◆ Assignment ◆
Would you copy the records below, exactly and only from their first line through the line containing "Analyze venture investments", without any pictures?
──────── Data provided ────────
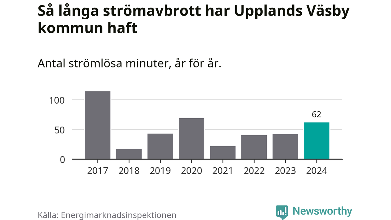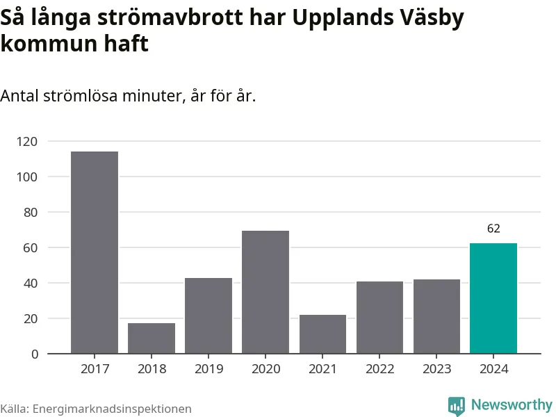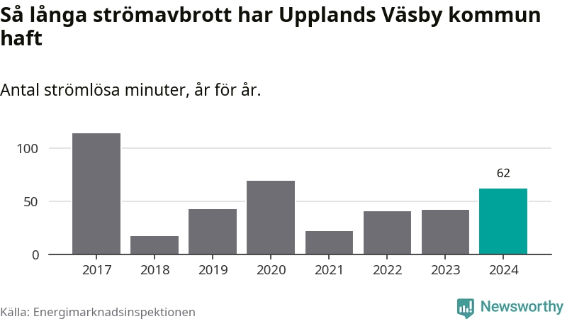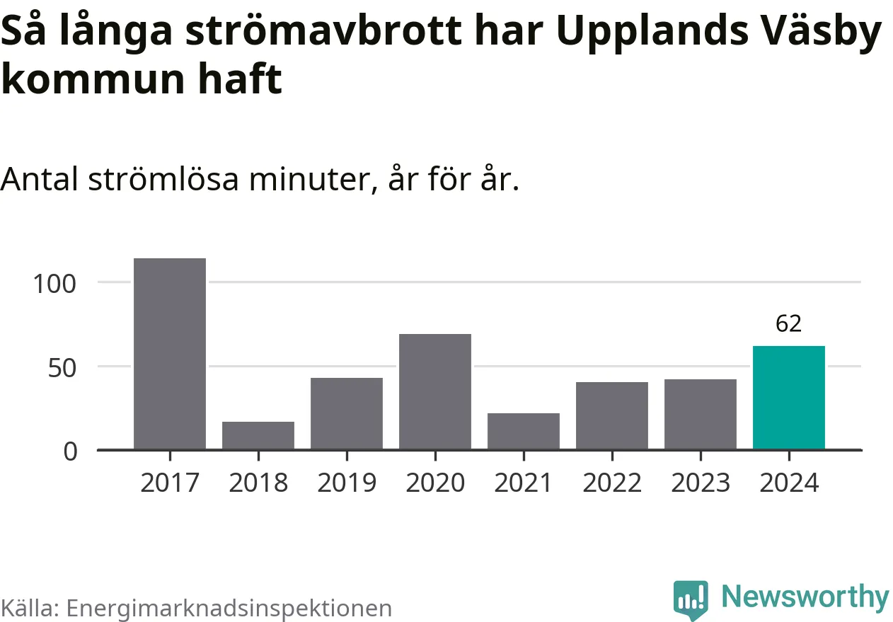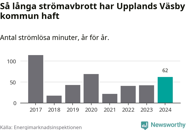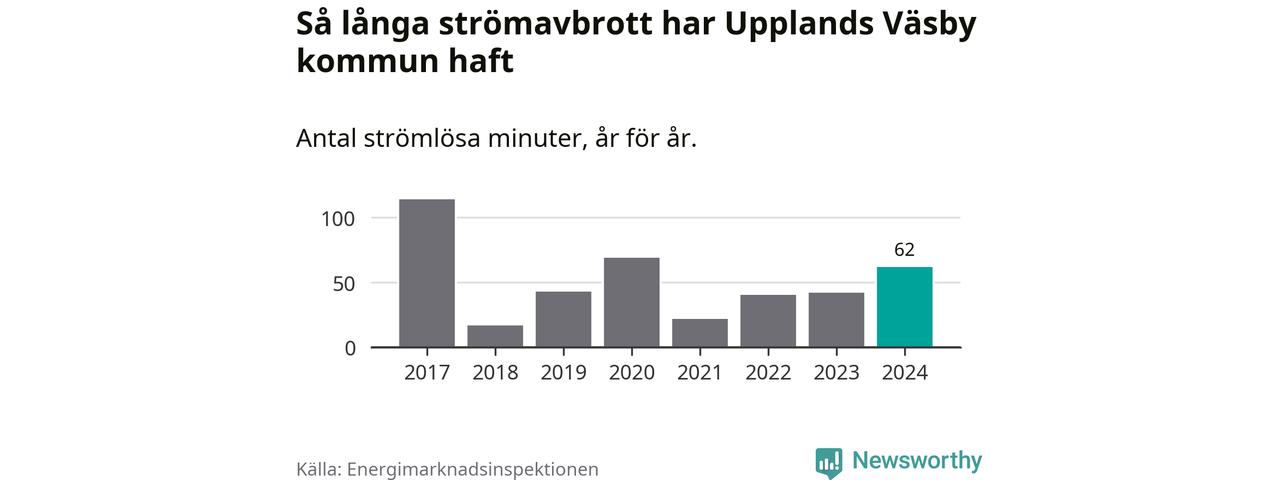 Antalet strömavbrott och total strömlös tid varierar något från år till år i Upplands Väsby kommun. Mest tid utan ström (i alla fall under perioden 2017–2024) fick Väsbyborna genomleva under 2017 – en timme och 54 minuter. Det är en timme och tolv minuter längre än under ett normalår.
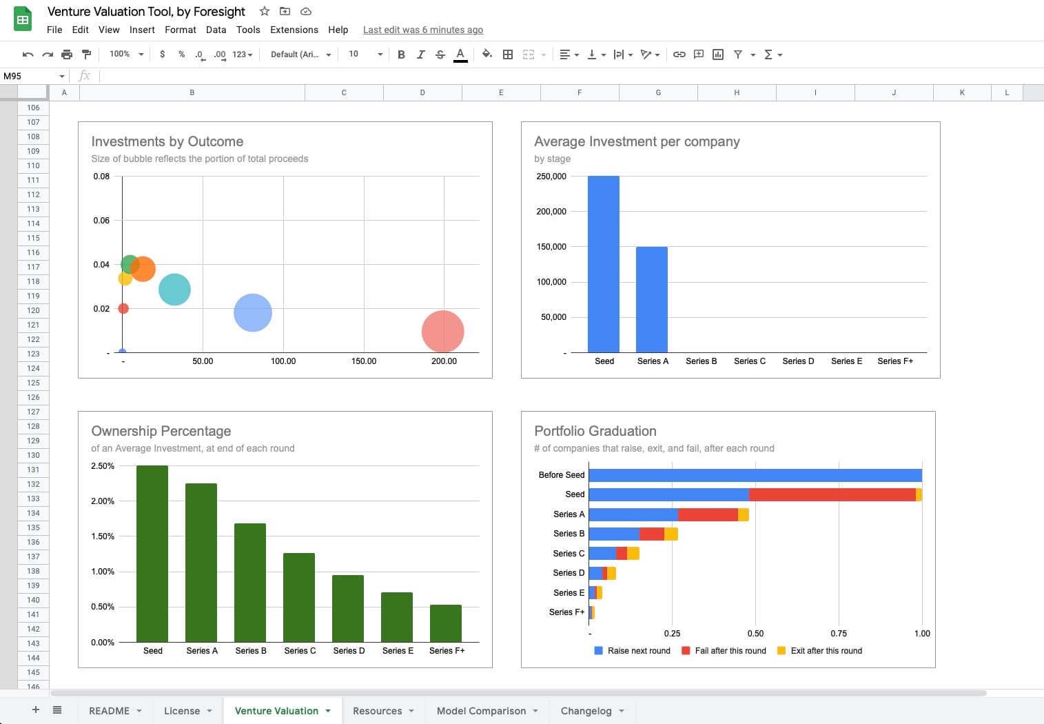 Analyze venture investments before you make them. Model potential rounds (equity, convertible notes, pre-money and post-money SAFEs), dilution, graduation rates, exit valuations, and likelihood of exit at multiple exit prices.
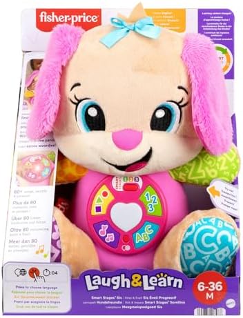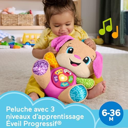 Sis Éveil Progressif Rires et Éveil de Fisher-Price est une peluche musicale toute douce qui initie bébé à l’alphabet, aux formes, aux premiers mots et plus encore , Les tout-petits peuvent appuyer sur les 5 boutons du ventre de Sis pour voir son cœur s’illuminer de différentes couleurs et entendre plus de 80 chansons, sons et phrases. Avec plus de 12 chansons originales et 3 niveaux d’apprentissage Éveil Progressif pour faire évoluer le contenu éducatif à mesure que bébé grandit, Sis Éveil Progressif va sans doute devenir la meilleure amie de votre enfant , Fonctionne avec 3 piles AA (fournies). Appuyez sur le bouton en forme de globe pour choisir la langue : français, anglais, allemand, italien ou néerlandais. Les couleurs et les décorations peuvent varier.
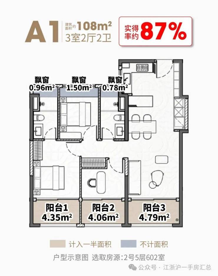 大华静安年华✅✅售楼处电话:400 - 1010 - 064✅✅建面约108㎡3房,三阳台面积达约13㎡(赠送一半),飘窗赠送约3.3㎡,室内使用面积达约94.5㎡,实得率高达约87%,总赠送面积比常规次卧都大。
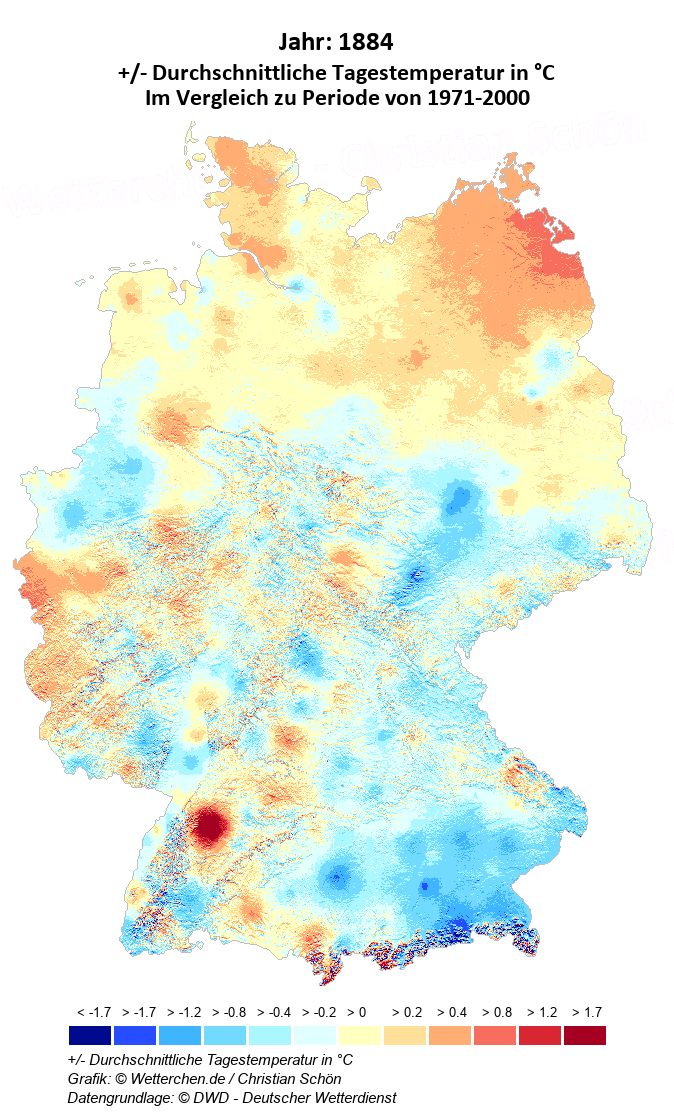 1884 - +/- Durchschnittliche Tagestemperatur in °C
────────
◆ Exercise response ◆
 Antalet strömavbrott och total strömlös tid varierar något från år till år i Upplands Väsby kommun. Mest tid utan ström (i alla fall under perioden 2017–2024) fick Väsbyborna genomleva under 2017 – en timme och 54 minuter. Det är en timme och tolv minuter längre än under ett normalår.
 Analyze venture investments before you make them. Model potential rounds (equity, convertible notes, pre-money and post-money SAFEs), dilution, graduation rates, exit valuations, and likelihood of exit at multiple exit prices.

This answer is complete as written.